苏晨继续说:“不是掌心雷,不是雷灵珠的刑罚雷。是天劫。”
“天劫判定的是修行者是否该跨过境界。它劈我,就会锁定我身上所有因果。”
他看向光幕中的渝州。
“我现在接著渝州心疫反衝。只要我把这条因果带进天劫,天劫就会顺著反衝路径,劈到炉心。”
林墨头皮发炸。
“老大,你这是把自己当避雷针,还要把雷导进敌人老巢。”
苏晨点头。
“差不多。”
四目道长骂道:“差多了!避雷针不会死!”
九叔握紧桃木剑。
“天劫不是你能算计的。”
苏晨看著他。
“师父,邪剑仙也知道。”
九叔沉默。
苏晨又道:“它敢在渝州炼法身,就是赌我们不敢拿一座城冒险。我不赌渝州。”
“我赌我自己。”
神魔之井边风声变重。
重楼忽然笑了一声。
“有意思。”
景天猛地抬头。
“魔尊,你笑什么?”
重楼看著苏晨。
“飞蓬当年若有你一半胆子,天界能少许多规矩。”
景天听得一愣。
“这算夸人吗?”
唐雪见瞪他。
“闭嘴。”
九叔没有让开。
“你有几成把握?”
苏晨道:“三成。”
四目道长当场炸毛。
“三成你也敢?”
苏晨补了一句。
“如果没人帮我,一成不到。
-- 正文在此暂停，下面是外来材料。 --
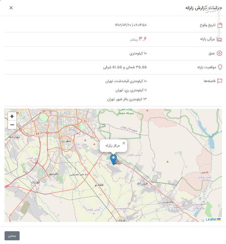 لحظاتی قبل در ساعت هفت و پنج دقیقه صبح امروز سه شنبه ۲۰ تیرماه استان تهران زمین در استان تهران لرزید.

”
这下连林墨都噎住了。
赵烈抬手抹了一把脸。
“老大,你说话是真会刺激人。”
程兵一直没开口。他检查完武器,走到苏晨身侧。
“需要我们做什么?”
苏晴抬头看了他一眼,也跟著站过去。
“猎隼就位。”
赵烈扛起束缚索。
“磐石就位。”
林墨长出一口气,推了推鼻樑上的眼镜。
“灵犀就位。先声明,我这次不嘴硬,我是真怕。”
苏晨看向他们。
“你们不用陪我赌命。”
程兵声音低沉。
“龙牙没有看著队友单独进雷区的规矩。”
苏晴道:“你是指挥官,也是目標核心。保护你,是任务。”
赵烈咧嘴。
“反正我皮厚,劈一下应该还成。”
林墨瞥他。
“你这叫主动送烤肉。”
赵烈骂道:“滚。”
紧绷的气氛鬆了一线。
景天忽然上前。
“老大,你说怎么干就怎么干。”
苏晨看向他。
景天把魔剑扛在肩上,脸上还带著没退乾净的慌。
“我这条命,是你们从邪剑仙手里捞回来的。渝州也是我的家。”
“要赌,我跟。”
唐雪见站到他旁边。
“还有我。”
景天小声道:“猪婆,这次真危险。”
唐雪见看都没看他。
“我知道。所以才不能让你一个人丟脸。”
景天嘴角动了动。
“你关心人能不能稍微温柔点?”
唐雪见抬脚。
景天立刻闭嘴。
夕瑶走到雪见身边,掌心青光亮起。
“神树本源可以护住生机。”
唐雪见看她一眼。
“你別又逞强。”
夕瑶轻声道:“这次我们一起。”
紫萱也走了出来。她站到徐长卿身侧。
“我护水脉。”
徐长卿看著她。
“我守阵门。”
这一次,二人没有错开。
九叔看著眼前这些人,许久没说话。
最后,他转身走到阵基位置。
“林墨,画阵。”
林墨立刻抬头。
“九叔,您同意了?”
九叔冷哼。
“我不同意,他就不做了?”
苏晨低声道:“师父。”
九叔背对著他。
“少来这套。你既然要赌,就把命给我赌回来。”
四目道长一边掏符一边嘀咕。
“贫道真是倒霉,刚筑基就陪人闯天劫。”
一休大师合掌。
“道兄,救人一城,功德无量。”
四目道长瞪他。
“功德能换符纸钱吗?”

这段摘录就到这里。